Assumer l’interview comme sport de combat

Ce qui aide aussi Marine Le Pen, c’est la posture des journalistes à son égard : ils ne l’aiment pas, elle les rudoie, mais eux n’assument pas la confrontation avec elle, un peu comme s’ils se disaient que c’est un mauvais moment à passer et qu’il faut d’ici-là donner le change avec une personne de mauvaise foi.

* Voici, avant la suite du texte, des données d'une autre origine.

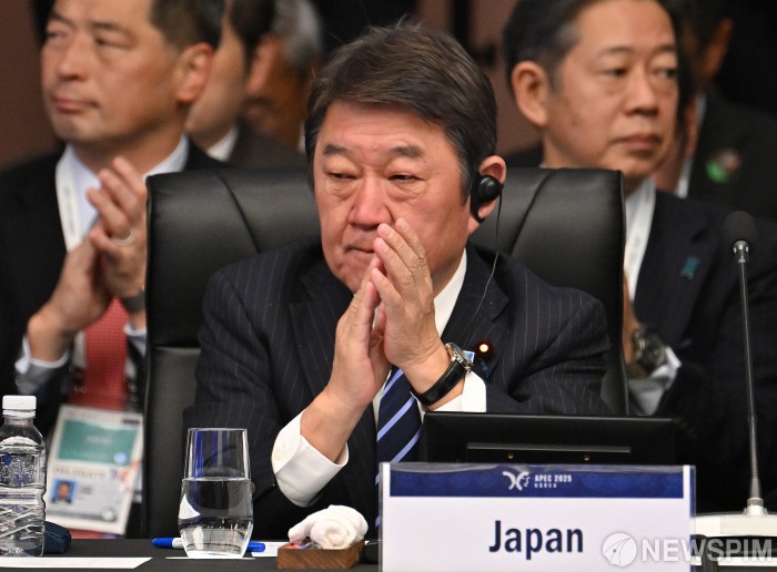 [서울=뉴스핌] 청사사진기자단 =모테기 도시미쓰 일본 외무대신이 30일 오전 경북 경주시 소노캄 경주 그랜드볼룸에서 열린 2025 APEC 외교통상합동각료회의 개회식에 참석하고 있다.2025.10.30 photo@newspim.com

Les journalistes ont, certes, préparé des questions pour la mettre en difficulté, mais ces questions, elle les connaît bien et a en stock une réponse bien rôdée pour chacune d’entre elles. Alors, ils passent un mauvais moment et nous passons un mauvais moment. Ils interrogent Marine Le Pen en reprenant son vocabulaire, par exemple « protectionnisme intelligent ». Ils font preuve aussi d’un peu d’arrogance, en endossant le rôle du sachant… ce qui les expose aux foudres de celle qui parle « au nom du peuple ».

Thomas Sotto et David Pujadas glissent d’un sujet à l’autre et tout semble glisser sur eux. Davantage d’aspérités seraient parfois les bienvenues. Lorsque Marine Le Pen accuse Delphine Ernotte et France Télévisions de favoriser Emmanuel Macron, David Pujadas répond en souriant « vous nous mettez en cause, je m'inscris en faux », puis enchaîne avec la séquence suivante, l’interview de François Lenglet.

C’est service minimum, mais face à des accusations qui lui enlèvent tout crédit, c’est insuffisant. Les journalistes doivent cesser de jouer les punching-balls car accepter ce rôle, c’est aussi rendre service à Marine Le Pen.